I said I'm good to go.
Notation:
$\vec{P}(t)$ is the position vector of wheel element P at time t in S.
$\vec{P'}(t')$ is the position vector of wheel element P at time t' in S'.
$\hat{P_t}(t)$ is the unit displacement vector tangent to wheel element P at time t in S.
$\hat{P_t}'(t')$ is the unit displacement vector tangent to wheel element P at time t' in S'.
$\vec{v_p}(t)$ is the velocity vector of wheel element P at time t in S.
$\vec{v_p}'(t')$ is the velocity vector of wheel element P at time t' in S'.
$\vec{T_1}(t,l)$ is the position vectors of the elements of rod T1 at time t in S. $l$ is distance along the rod.

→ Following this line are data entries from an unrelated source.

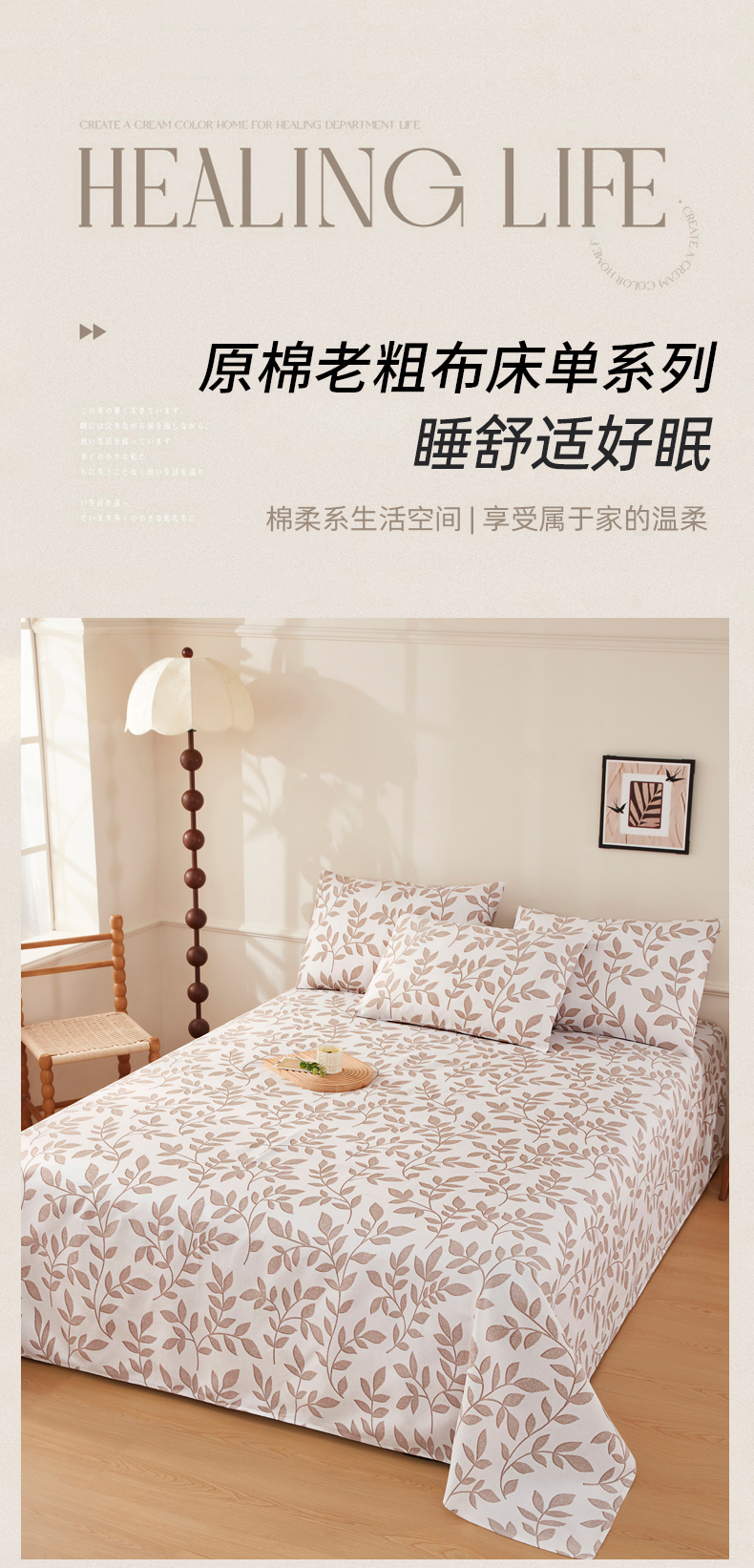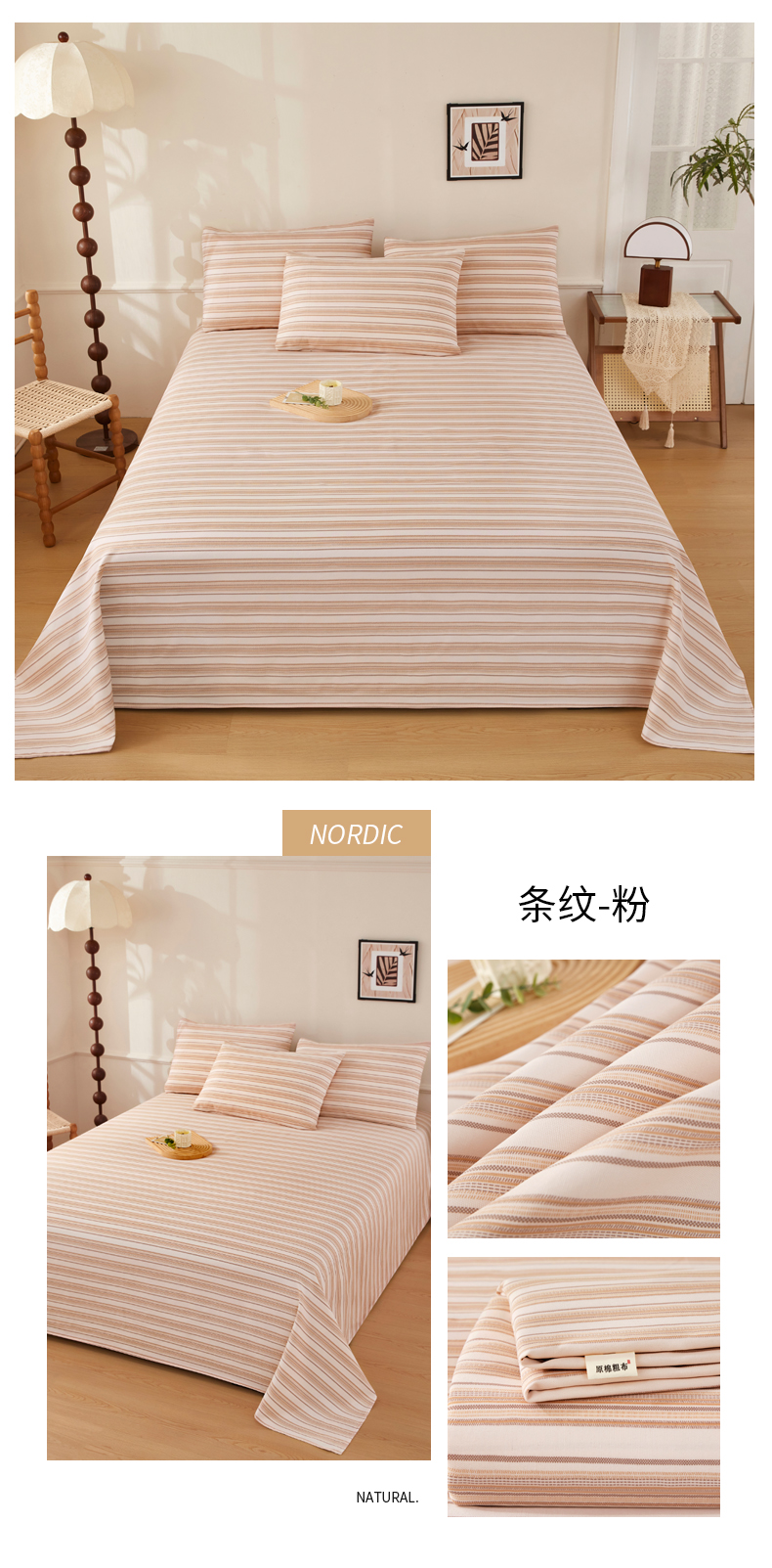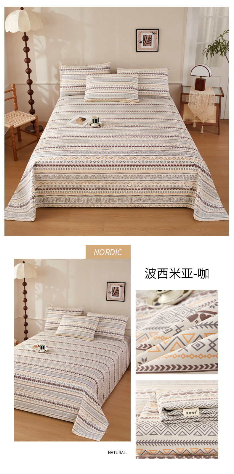 当前位置: 91家纺网 > 商品网购 > 床品套件 > 三件套 > 美丽折家纺 2026春夏新款原棉老粗布单床单床单单件床单三件套 知秋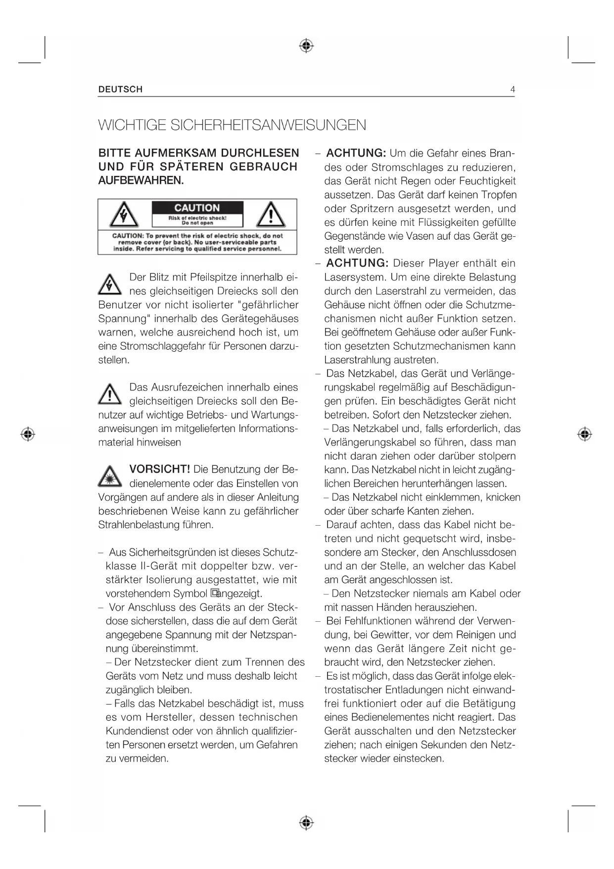 Der Blitz mit Pfeilspitze innerhalb ei- nes gleichseitigen Dreiecks soll den Benutzer vor nicht isolierter "gefährlicher Spannung" innerhalb des Gerätegehäuses warnen, welche ausreichend hoch ist, um eine Stromschlaggefahr für Personen darzu- stellen. Das Ausrufezeichen innerhalb eines gleichseitigen Dreiecks soll den Be- nutzer auf wichtige Betriebs- und Wartungs- anweisungen im mitgelieferten Informations- material hinweisen VORSICHT! Die Benutzung der Be- dienelemente oder das Einstellen von Vorgängen auf andere als in dieser Anleitung beschriebenen Weise kann zu gefährlicher Strahlenbelastung führen. – Aus Sicherheitsgründen ist dieses Schutz- klasse II-Gerät mit doppelter bzw. ver- stärkter Isolierung ausgestattet, wie mit vorstehendem Symbol angezeigt. – Vor Anschluss des Geräts an der Steck- dose sicherstellen, dass die auf dem Gerät angegebene Spannung mit der Netzspan- nung übereinstimmt. – Der Netzstecker dient zum Trennen des Geräts vom Netz und muss deshalb leicht zugänglich bleiben. – Falls das Netzkabel beschädigt ist, muss es vom Hersteller, dessen technischen Kundendienst oder von ähnlich qualifizier- ten Personen ersetzt werden, um Gefahren zu vermeiden. WICHTIGE SICHERHEITSANWEISUNGEN – ACHTUNG: Um die Gefahr eines Bran- des oder Stromschlages zu reduzieren, das Gerät nicht Regen oder Feuchtigkeit aussetzen. Das Gerät darf keinen Tropfen oder Spritzern ausgesetzt werden, und es dürfen keine mit Flüssigkeiten gefüllte Gegenstände wie Vasen auf das Gerät ge- stellt werden. – ACHTUNG: Dieser Player enthält ein Lasersystem. Um eine direkte Belastung durch den Laserstrahl zu vermeiden, das Gehäuse nicht önen oder die Schutzme- chanismen nicht außer Funktion setzen. Bei geönetem Gehäuse oder außer Funk- tion gesetzten Schutzmechanismen kann Laserstrahlung austreten. – Das Netzkabel, das Gerät und Verlänge- rungskabel regelmäßig auf Beschädigun- gen prüfen. Ein beschädigtes Gerät nicht betreiben. Sofort den Netzstecker ziehen. – Das Netzkabel und, falls erforderlich, das Verlängerungskabel so führen, dass man nicht daran ziehen oder darüber stolpern kann. Das Netzkabel nicht in leicht zugäng- lichen Bereichen herunterhängen lassen. – Das Netzkabel nicht einklemmen, knicken oder über scharfe Kanten ziehen. – Darauf achten, dass das Kabel nicht be- treten und nicht gequetscht wird, insbe- sondere am Stecker, den Anschlussdosen und an der Stelle, an welcher das Kabel am Gerät angeschlossen ist. – Den Netzstecker niemals am Kabel oder mit nassen Händen herausziehen. – Bei Fehlfunktionen während der Verwen- dung, bei Gewitter, vor dem Reinigen und wenn das Gerät längere Zeit nicht ge- braucht wird, den Netzstecker ziehen. – Es ist möglich, dass das Gerät infolge elek- trostatischer Entladungen nicht einwand- frei funktioniert oder auf die Betätigung eines Bedienelementes nicht reagiert. Das Gerät ausschalten und den Netzstecker ziehen; nach einigen Sekunden den Netz- stecker wieder einstecken.DEUTSCH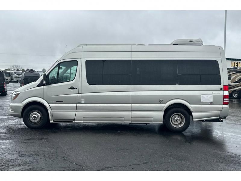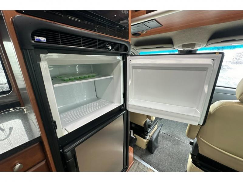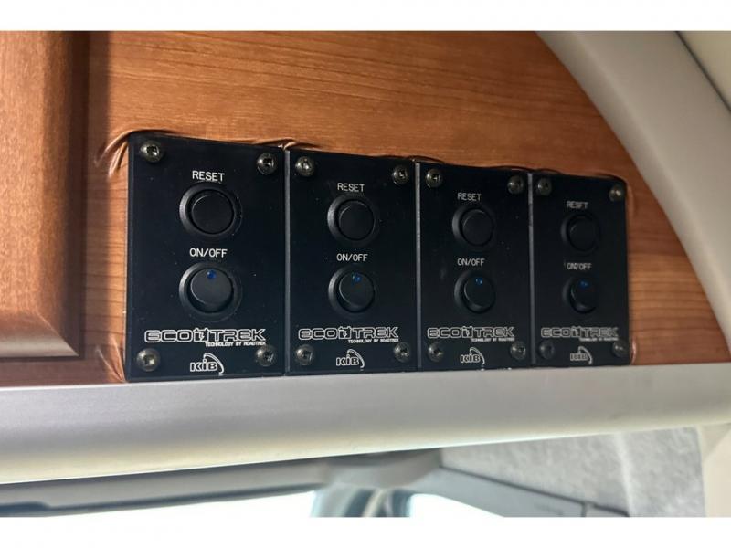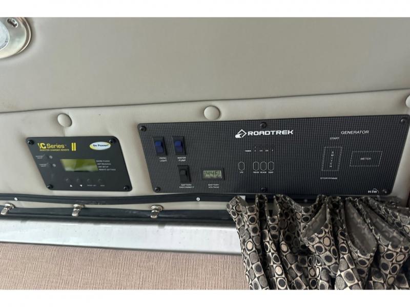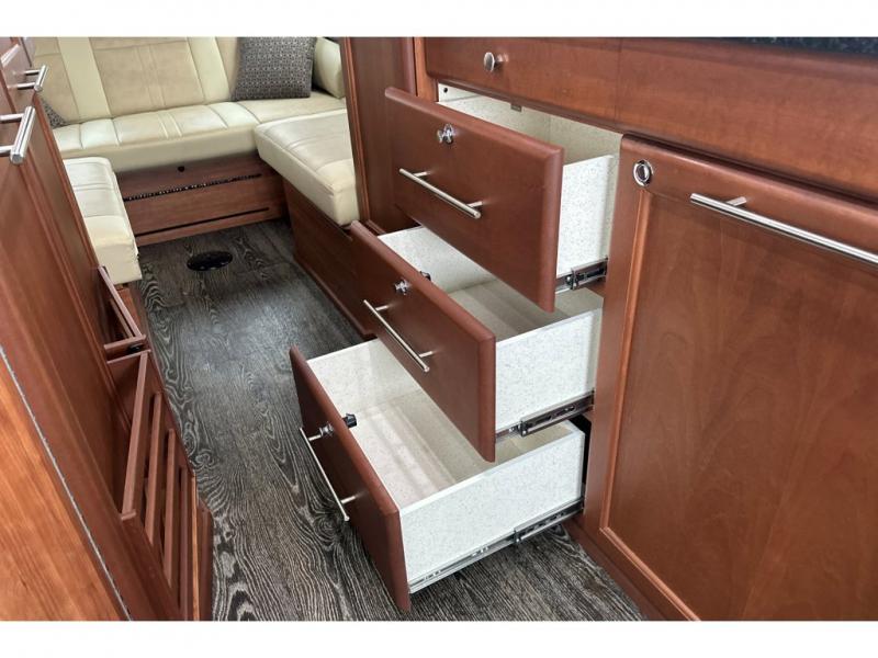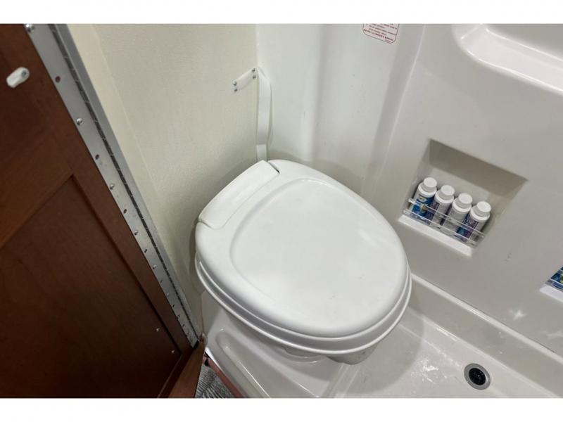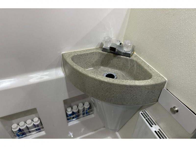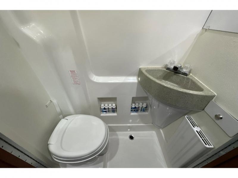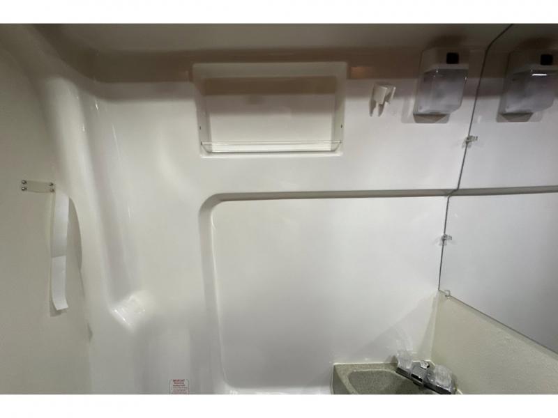 The front offers three comfortable swivel captain's chairs with a table. The passenger side chairs can be converted to additional sleeping. A toilet, sink and shower are enclosed along the passenger side. Continuing to the back there is a wardrobe.

Let $v$ denote the magnitude of the velocity of S' relative to S (this velocity is in the direction of the positive x-axis).
Let $t'_0$ denote the time in S' when the rod T1 is touching wheel element P.

Pete's method recap:
Determine whether $\vec{v_p}(t=0)$ is a scalar multiple of (ie is parallel to) $\hat{P_t}(t=0)$.
Determine whether $\vec{v_p}'(t'=t'_0)$ is a scalar multiple of (ie is parallel to) $\hat{P_t}'(t'=t'_0)$.

$\vec{v_p}(t=0)$ and $\vec{v_p}'(t'=t'_0)$ can be derived from $\vec{P}(t)$, the worldline of P.
$\hat{P_t}(t=0)$ is obvious, but can be formally derived from the definition the wheel at t=0 if necessary.
Rod T1 is defined in terms of $\hat{P_t}(t=0)$.
$\hat{P_t}'(t'=t'_0)$ can be derived from the transformed T1.

Calculations:
1. Finding $\vec{v_p}(t=0)$
This is trivial, as are much of the following calculations, but spelling it out points toward a general solution for times other than t=0.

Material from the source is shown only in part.